Cooking lager enthusiasts tend to ignore this nonsense upon noticing the new brand extension is asking twice the price of regular neckable grog. Then at some point it finds it’s way into the half price bargain bin and at that point you can expect an appearance on this here blog as I decide to try it. It not that I’ve never drank watery piss before, it’s that I’ve never drank watery piss with this brand on it.

Budweiser 66 is a 4% abv variant of the familiar American lager (http://cookinglager.blogspot.com/2010/03/king-of-beers.html) promising a lightly carbonated grog with a smooth easy taste. All true. The colour of the beer somewhat gives the game away from the off. I’ve drunk some pisswaters in my time but am unsure whether I’ve drunk a beer so light coloured. The smell is moderately promising but on the taste you get very little. A light sweetness on a broad palate of a crisp light lager. That isn’t necessary a bad thing, sometimes a light beer hits the spot refreshment wise. I think we’ve been here before with Bud Light, which never did last long as a brand in Britain.
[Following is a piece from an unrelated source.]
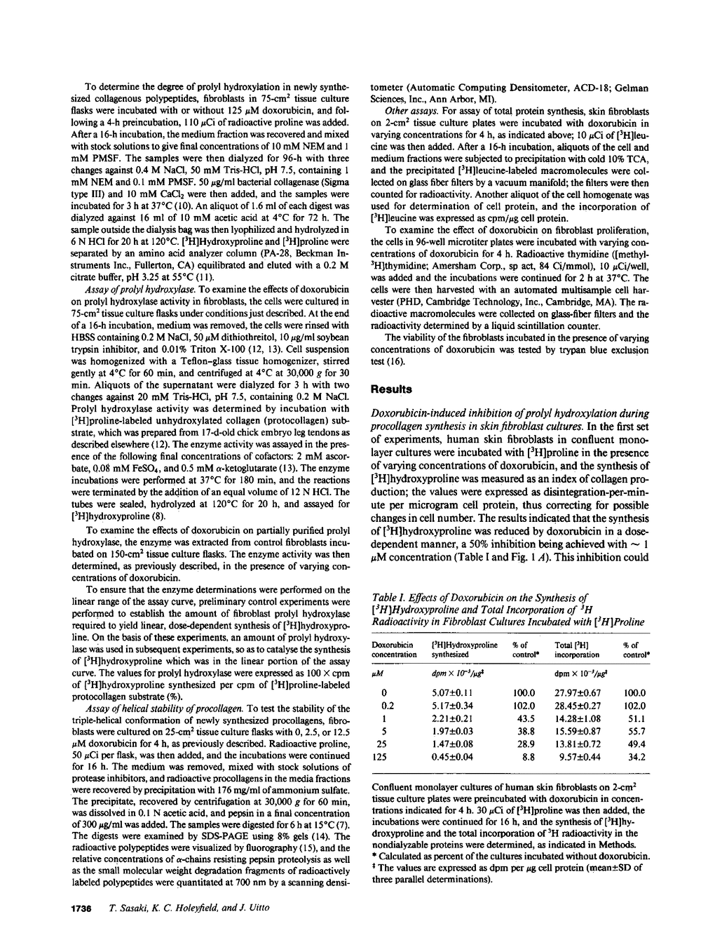 Previous clinical and experimental observations have indicated that wound healing is impaired as a result of treatment with doxorubicin, a chemotherapeutic agent. In this study, the effects of doxorubicin were examined in human skin fibroblast cultures with respect to collagen production and fibroblast proliferation. The results indicated that the synthesis of hydroxyproline as a marker of collagen production was markedly reduced, with an approximate concentration of inhibitor yielding 50% inhibition of 1 microM. This inhibition could be explained, in part, by generalized inhibition of total protein synthesis, but in addition, there was a significant inhibition of prolyl hydroxylation during collagen biosynthesis, as indicated by a reduction in the ratio of [3H]hydroxyproline/([3H]hydroxyproline + [3H]proline). The latter effect was shown to result from inhibition of prolyl hydroxylase by doxorubicin. As a consequence of reduced prolyl hydroxylation, the stability of newly synthesized procollagen triple helix was shown to be compromised. At the same time, doxorubicin significantly reduced fibroblast proliferation in vitro, as determined by [3H]thymidine incorporation. Thus, reduced collagen production and inhibition of fibroblast proliferation may explain the reduced wound healing in patients undergoing treatment with doxorubicin.

Overall I can have no complaints, the beer was exactly as I expected it to be but I remain unsure why I would want a light 300ml of 4% lager in bottle. When I opened it the squeeze made the unusual decision of joining me in one and her perspective was slightly different. She enjoyed it and suggested that was a light lager she quiet liked and would drink again. Horses for courses I guess. A 4% lager is something I’d be happier with as a longer drink, a pint or 440ml can.

Overall I cannot say anything to nasty about it; the beer is perfectly pleasant. Just not a lot going on with it. If the squeeze likes it I’m sure it’ll pop up in the trolley again and I wouldn’t be offended by it passing my lips. I wouldn’t seek it out; but then again I wouldn’t with the parent brand. For the record I preferred this to the parent brand but that’s not saying much. Is there a market for this type of light lager? Well they have never really taken off in the UK so my bet would be that this extension won’t have the legs to stick around long term, but you know, if they want to flog it cheap then I’ll neck it. I’m unsure the UK customer has ever really got light beer to the extent of the US customer. What does light mean? Lighter in taste, calories, and alcohol? All or just some of that. This isn’t even using the term light, whilst clearly going for lighter in alcohol & taste.

Pete Brown (http://petebrown.blogspot.com/2010/04/innovation-set-to-revolutionise-beer.html) may consider this brand to be the anti Christ but heh, cheap grog is cheap grog. If you are looking for a light beer this one is no worse than any other, it’s just not worth top dollar, but what is?